Here is the first line of the *.csv file (INPUT)
InnerDiameterOrWidth::0.1,InnerHeight::0.1,Length2dCenterToCenter::44.6743867864386,Length3dCenterToCenter::44.6768028159989,Length2dToInsideEdge::44.2678260053526,Length3dToInsideEdge::44.2717800813466,Length2dToOutsideEdge::44.6743867864386,Length3dToOutsideEdge::44.6768028159989,MinimumCover::0,MaximumCover::0,StartConnection::ImmxGisUtilityNetworkCommon.Connection,
In a perfect world here is what I would like my text file to look like (OUTPUT)
InnerDiameterOrWidth, InnerHeight, Length2dCenterToCenter,,,,,,,,,,,
0.1,0.1,44.6743867864386
so one header line and the values in column
UPDATED JSON Info
The end of each line has JSON formatted text:
{StartPoint::7858.35924983374[%2C]1703.69341358077[%2C]-3.075},{EndPoint::7822.85045874375[%2C]1730.80294308742[%2C]-3.53962362760298}
WHich I need to split into X Y Z and X Y Z with headers
Maybe something like this (assuming that each line has the same keys, and in the same order):
import csv
with open("diam.csv", "rb") as fin, open("diam_out.csv", "wb") as fout:
reader = csv.reader(fin)
writer = csv.writer(fout)
for i, line in enumerate(reader):
split = [item.split("::") for item in line if item.strip()]
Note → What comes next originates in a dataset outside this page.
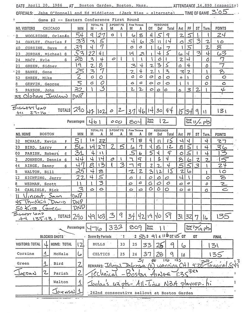 Κανείς από τότε, δεν έχει καταφέρει να τον αποκαθηλώσει. Εκείνο που λησμονούν οι περισσότεροι, είναι πως ο Τζόρνταν και οι Μπουλς ήταν στη μεριά των ηττημένων: 135-131 το τελικό σκορ υπέρ της Βοστόνης, επειτα από διπλή παράταση, σε μία εποχή που ο Τζόρνταν ήταν απλά ένας εκκολαπτόμενος… φόβος και τρόμος στα παρκέ του ΝΒΑ.
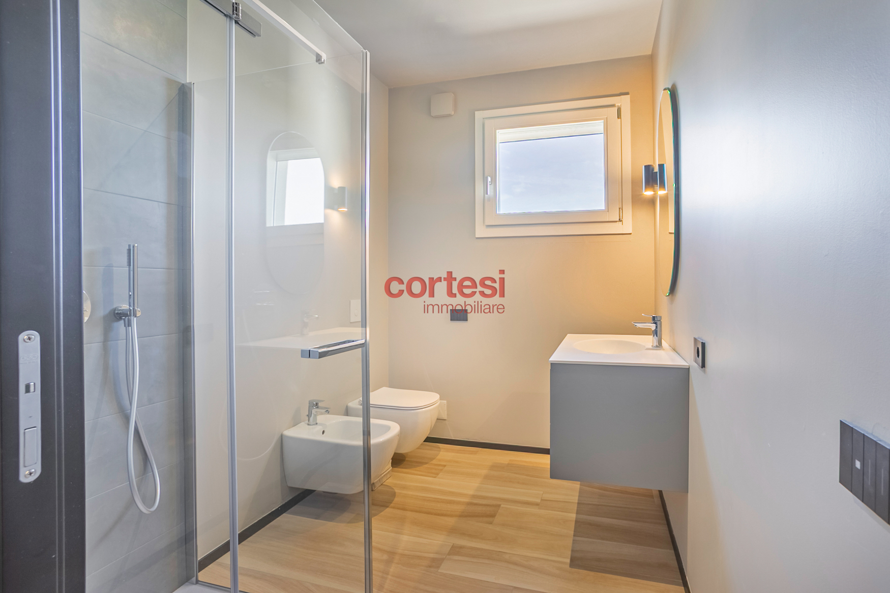 L’immobile, abitato per meno di un anno, è praticamente nuovo e completato con finiture extra capitolato: eleganti porte laccate nere abbinate a placche Biticino e soluzioni di design studiate da un architetto. Dal punto di vista impiantistico offre riscaldamento a pavimento con regolazione per ambiente, climatizzazione gestita da pompa di calore autonoma, impianto fotovoltaico privato da 2,75 kW, sistema domotico integrato per la gestione delle temperature e delle tapparelle motorizzate, oltre alla predisposizione per impianto d’allarme.

if not split: # blank line
continue
keys, vals = zip(*split)
if i == 0:
# first line: write header
writer.writerow(keys)
writer.writerow(vals)
which produces
localhost-2:coding $ cat diam_out.csv
InnerDiameterOrWidth,InnerHeight,Length2dCenterToCenter,Length3dCenterToCenter,Length2dToInsideEdge,Length3dToInsideEdge,Length2dToOutsideEdge,Length3dToOutsideEdge,MinimumCover,MaximumCover,StartConnection
0.1,0.1,44.6743867864386,44.6768028159989,44.2678260053526,44.2717800813466,44.6743867864386,44.6768028159989,0,0,ImmxGisUtilityNetworkCommon.Connection
I think most of that code should make sense, except maybe the zip(*split) trick: that basically transposes a sequence, i.e.
>>> s = [['a','1'],['b','2']]
>>> zip(*s)
[('a', 'b'), ('1', '2')]
so that the elements are now grouped together by their index (the first ones are all together, the second, etc.)